Over time, foam cells accumulate and
form atheromas or plaque. Plaque can either grow in to the lumen of the artery
where it blocks blood flow or into the wall of the artery where it does not
block blood flow. Either type can break off into the bloodstream and trigger
blood clot formation. In one histologic
study, coronary tissue from diabetics contained a greater amount of lipid –rich
atheromas and more macrophage infiltration, both of which are associated with a
greater risk for plaque rupture and a higher incidence of thrombosis (Nesto,
2009). Increased platelet adhesion and
decreased fibrinolysis also promotes thrombus formation in persons with
diabetes (Heuther & McCance, 2008).
Obesity is also associated with
chronic low grade inflammation. Obesity causes the metabolic stretching of
adipose tissue, activating inflammatory responses and macrophage recruitment.

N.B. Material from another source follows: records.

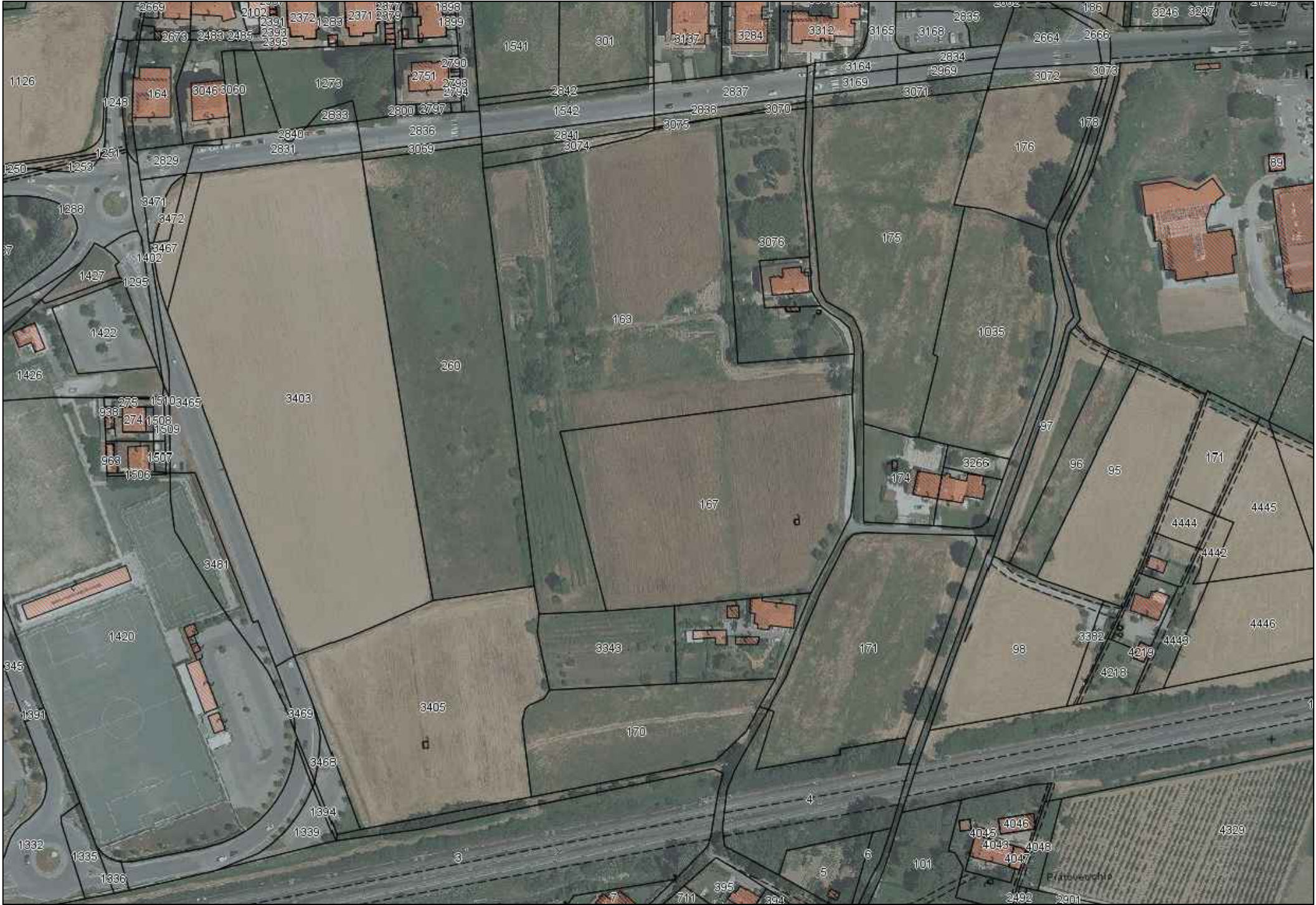
ORTOFOTO E PLANIMETRIA CATASTALE fuori scala
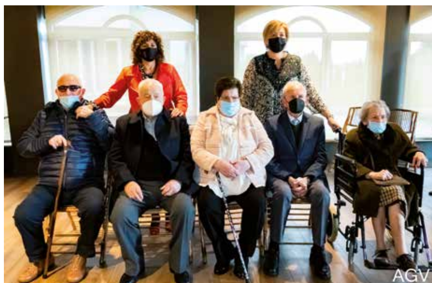
Día de los Mayores
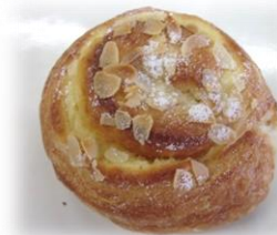
クリームチーズロール 税込み194円
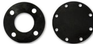
Flange em Aço Carbono/Inox e PEAD
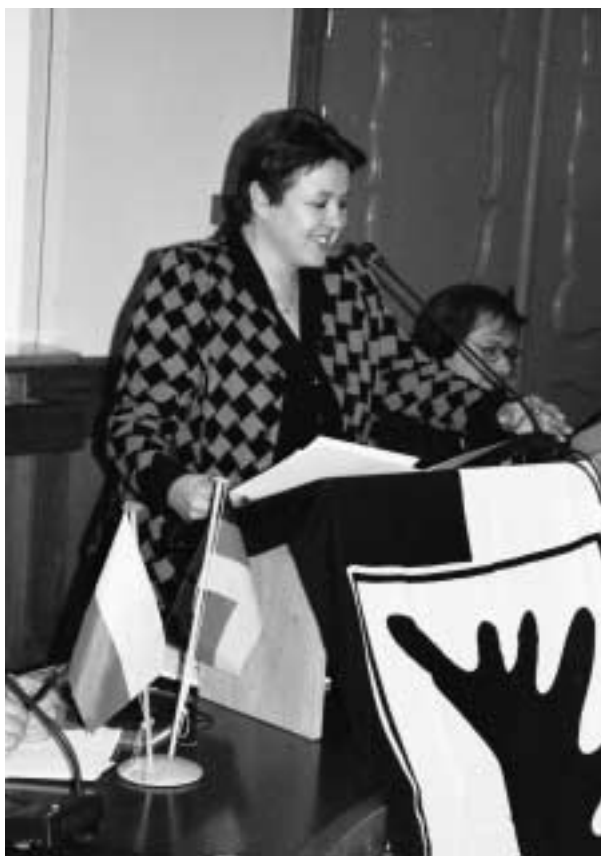
Czesława Ostrowska, die Direktorin des polnischen Präsidialbüros, verliest das Grußwort des Präsidenten der Republik Polen
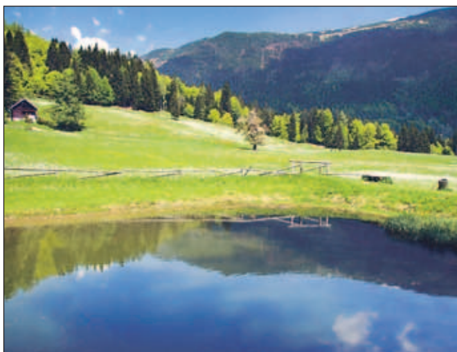
Zoisov park, avtor Saša Manojlovič, Ljubljana
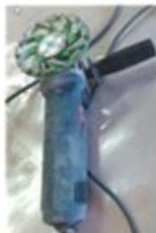
AMOLADORA CON DISCOS DE CORTE Y DESBASTE
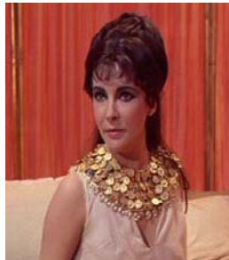
<그림 10> 금색 웨세크 <Cleopatra(1963).DVD
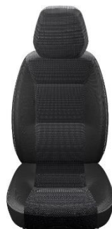
Pilkos spalvos „Velvet“ su dvigubomis siūlėmis OPT.8RT (165)

UAB „AUTOBRAVA“, oficialus FIAT PROFESSIONAL automobilių importuotojas Lietuvoje FIAT PROFESSIONAL automobilių pardavimo salonai:
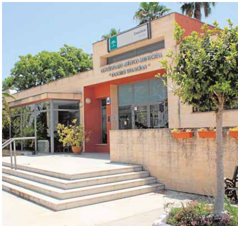
Consultorio médico «Doctor José María Villagrán», de Espartinas

El alcalde espartinero acudió al centro para reunirse con varios trabajadores, quienes le expusieron las necesidades del centro. El primer edil

Adipose secretes active adipokines such as C- reactive protein (CRP), tumor
necrosis factor –alpha and monocytes chemotactic protein-1 which have a
proinflammatory and atherogenic response (Arora &Chahwala, 2009). These
adipokines reduce insulin sensitivity and contribute to endothelial
dysfunction. Recent work has suggested
that free fatty acids may be the driving force behind insulin resistance and
perhaps even beta cell dysfunction (Isley &Ligaray, 2008).
Hypertension is defined as a sustained
systolic blood pressure greater than 140 and a diastolic blood pressure greater
than 90 based on two or more separate readings. (Rosendorff,
et al,2007). Hypertension can be primary, also known as essential, or
secondary. Primary hypertension accounts
for 90 to 95 percent of hypertensive cases. The cause of primary hypertension
is largely unknown but it is believed that multiple genes interact with
environmental factors. Besides genetic
predisposition other risk factors for hypertension include advancing age,
smoking, obesity, high dietary sodium intake, heavy alcohol consumption and
glucose intolerance.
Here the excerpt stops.